Illustratively, the plurality of second water passing ports and the plurality of first water passing ports are completely staggered along a circumferential direction of the reverse osmosis filter element and aligned along an axial direction of the reverse osmosis filter element. Thus, the elastic sleeve and the reverse osmosis filter element are convenient to process and manufacture. And the distance between the plurality of second water passing openings and the plurality of first water passing openings can be controlled by rotating the elastic sleeve, so that the operation is simple and easy. And can guarantee that the resistance of multiple spot play water is the same, goes out water smooth and even, is favorable to the system water and the washing of reverse osmosis filter core.

Illustratively, the plurality of first water passing openings are arranged into a plurality of groups of regular polygons, the plurality of first water passing openings in each group are arranged on the vertexes of the regular polygons, and the center of the regular polygons is provided with a second water passing opening. Therefore, the resistance of multi-point water outlet can be ensured to be the same, the water outlet is smooth and uniform, and the reverse osmosis filter element is favorable for water production and flushing.

Illustratively, the regular polygon is a triangle.
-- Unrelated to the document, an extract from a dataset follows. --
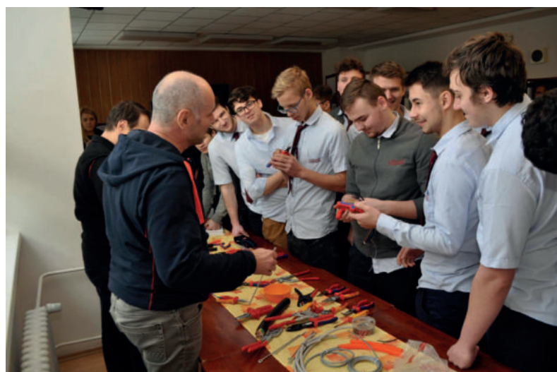
Dňa 12. februára žiakov odbornej školy potešila prezentácia elektrotechnických firiem. Pevne veríme, že sa dozvedeli aj niečo nové

Tatranskí rytieri ešte dlho s úsmevom spomínať.
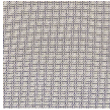
4257-09 PLATINE M1 - PALLADIUM

Like this, dense water passes through the second and crosses the mouth of a river after, can discharge outside the filter element subassembly through 3 first water mouths of crossing, dense water exhaust resistance is enough little, satisfies the user demand. Moreover, the elastic sleeve is convenient to process and manufacture.

Illustratively, the distance between the plurality of second water passing openings and the plurality of first water passing openings is between 5 and 30 millimeters, and/or the maximum dimension of each of the plurality of second water passing openings and the plurality of first water passing openings is between 3 and 7 millimeters. If the distance is too small, in order to completely stagger the second water passing opening and the first water passing opening to ensure the sealing effect, the sizes of the second water passing opening and the first water passing opening need to be made smaller, which results in increased processing difficulty. And in order to ensure the water yield, more second water passing ports and first water passing ports are needed, which further increases the processing difficulty. If the distance between the second water passing port and the first water passing port is larger, the water outlet resistance of water-requiring equipment (such as a water purifier) during operation is increased, and the normal operation of the filter element assembly is influenced. Therefore, the distance between the second water passing opening and the first water passing opening is reasonable in the range. And the first water passing port and the second water passing port with the maximum sizes are easy to process and manufacture.

Illustratively, the plurality of second water passing openings are uniformly distributed on the outer side surface of the reverse osmosis filter element, and/or the plurality of first water passing openings are uniformly distributed on the elastic sleeve. This ensures that the minimum distances between the plurality of second water passing openings and the plurality of first water passing openings are equal. Therefore, the resistance of multi-point water outlet can be ensured to be the same, the water outlet is smooth and uniform, and the reverse osmosis filter element is favorable for water production and flushing.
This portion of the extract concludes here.